#### Work to complete:
Without any of the pictures, print every record below exactly.

#### Records for the exercise:
⟨
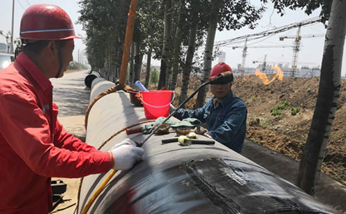 3、沿徑向把壓敏膠型熱收縮帶環繞搭接線位置,先將固定片通過加熱后粘于在熱縮敏帶搭接線接頭部位,形成一個筒式狀態。再向一端反拆去掉離型膜,隨后移至準確的作業段。開始用火焰選熱縮帶寬度的中間部位,周向均勻加熱,達到收縮。隨之再沿徑向分別向兩側加熱,達到受熱力作用收縮,內層受熱膠同時熔化包覆填充于作業表面,與管道防腐層形成緊密連續的防腐蝕保護體系。(為提高施工質量和工作效率,建議倆人在兩測配合進行)。安裝中要堅持火焰溫度均勻控制在75℃,操作中要均勻加熱,避免產生氣包和皺痕。就在操作中出現的起泡或皺折,選用滾輪工具及時趕壓排出空氣、展平皺折。整個安裝過程在均勻溫度下進行,發現套體兩端有膠溢出為宜。
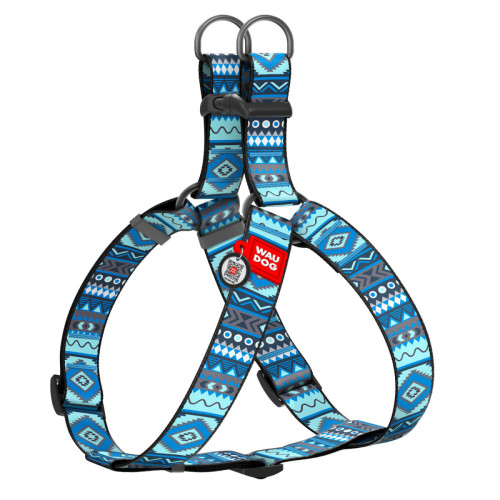 Стильна амуніція серії WAUDOG Nylon з оригінальним візерунком "Етно синій" підкреслить індивідуальність вашого собаки. Шлея виготовлена з високоякісного нейлону, який стійкий до зношування та легко очищується від забруднень. Щоб створити ідеальний комплект для прогулянок, рекомендуємо доповнити амуніцію, обравши повідці для собак з відповідним етнічним дизайном.
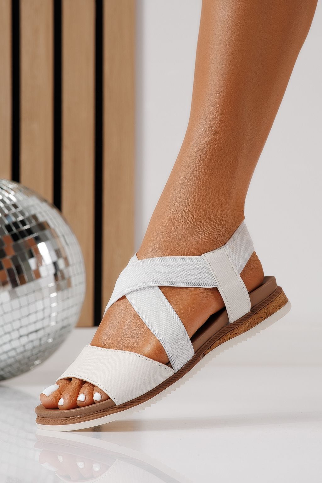 Sandale cu talpa joasa dama albe din piele ecologica Yara #25155
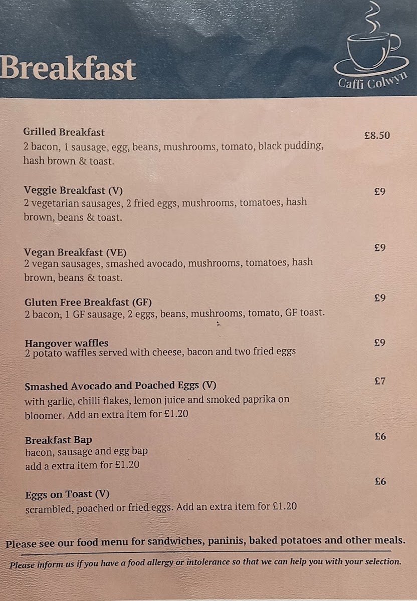 “ Lovely cafe serving a great breakfast and a gluten free breakfast. We also purchased our lunch to takeaway. Everything tasted lovely. All the staff are friendly and attentive. 5 out of 5 stars !! Well done "Caffi Colwyn". Will definitely return. ”
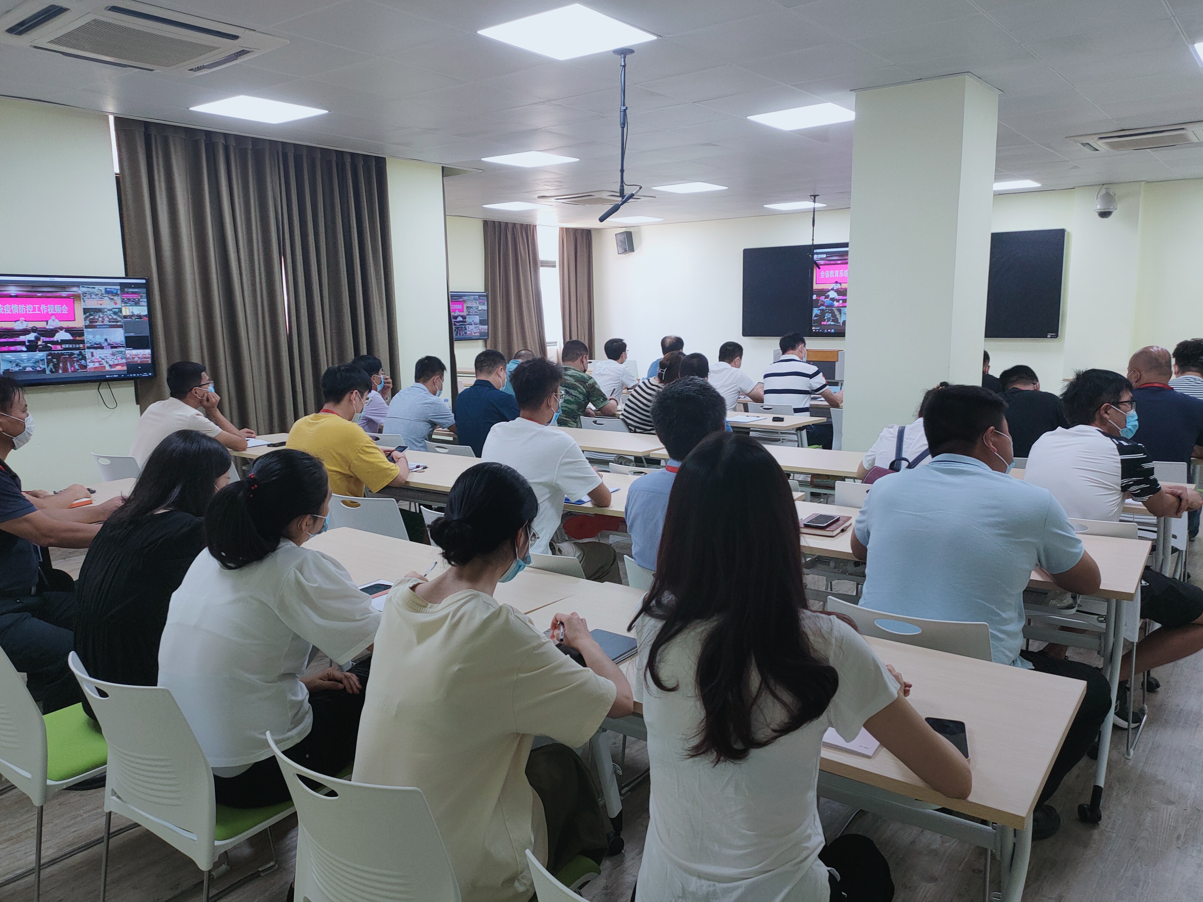 新闻中心讯(党委宣传部报道)9月13日11时30分,全省教育系统疫情防控工作视频会议在福州召开,我校于智慧教室设分会场,校领导朱国辉、梁松刚、钱学东、刘锦辉、张超、李明灿,校长助理蔡永鸿,各行政部门负责人及各二级学院(包括产业学院)领导参与会议。
⟩
#### Solution for this task:
 3、沿徑向把壓敏膠型熱收縮帶環繞搭接線位置,先將固定片通過加熱后粘于在熱縮敏帶搭接線接頭部位,形成一個筒式狀態。再向一端反拆去掉離型膜,隨后移至準確的作業段。開始用火焰選熱縮帶寬度的中間部位,周向均勻加熱,達到收縮。隨之再沿徑向分別向兩側加熱,達到受熱力作用收縮,內層受熱膠同時熔化包覆填充于作業表面,與管道防腐層形成緊密連續的防腐蝕保護體系。(為提高施工質量和工作效率,建議倆人在兩測配合進行)。安裝中要堅持火焰溫度均勻控制在75℃,操作中要均勻加熱,避免產生氣包和皺痕。就在操作中出現的起泡或皺折,選用滾輪工具及時趕壓排出空氣、展平皺折。整個安裝過程在均勻溫度下進行,發現套體兩端有膠溢出為宜。
 Стильна амуніція серії WAUDOG Nylon з оригінальним візерунком "Етно синій" підкреслить індивідуальність вашого собаки. Шлея виготовлена з високоякісного нейлону, який стійкий до зношування та легко очищується від забруднень. Щоб створити ідеальний комплект для прогулянок, рекомендуємо доповнити амуніцію, обравши повідці для собак з відповідним етнічним дизайном.
 Sandale cu talpa joasa dama albe din piele ecologica Yara #25155
 “ Lovely cafe serving a great breakfast and a gluten free breakfast. We also purchased our lunch to takeaway. Everything tasted lovely. All the staff are friendly and attentive. 5 out of 5 stars !! Well done "Caffi Colwyn". Will definitely return. ”
 新闻中心讯(党委宣传部报道)9月13日11时30分,全省教育系统疫情防控工作视频会议在福州召开,我校于智慧教室设分会场,校领导朱国辉、梁松刚、钱学东、刘锦辉、张超、李明灿,校长助理蔡永鸿,各行政部门负责人及各二级学院(包括产业学院)领导参与会议。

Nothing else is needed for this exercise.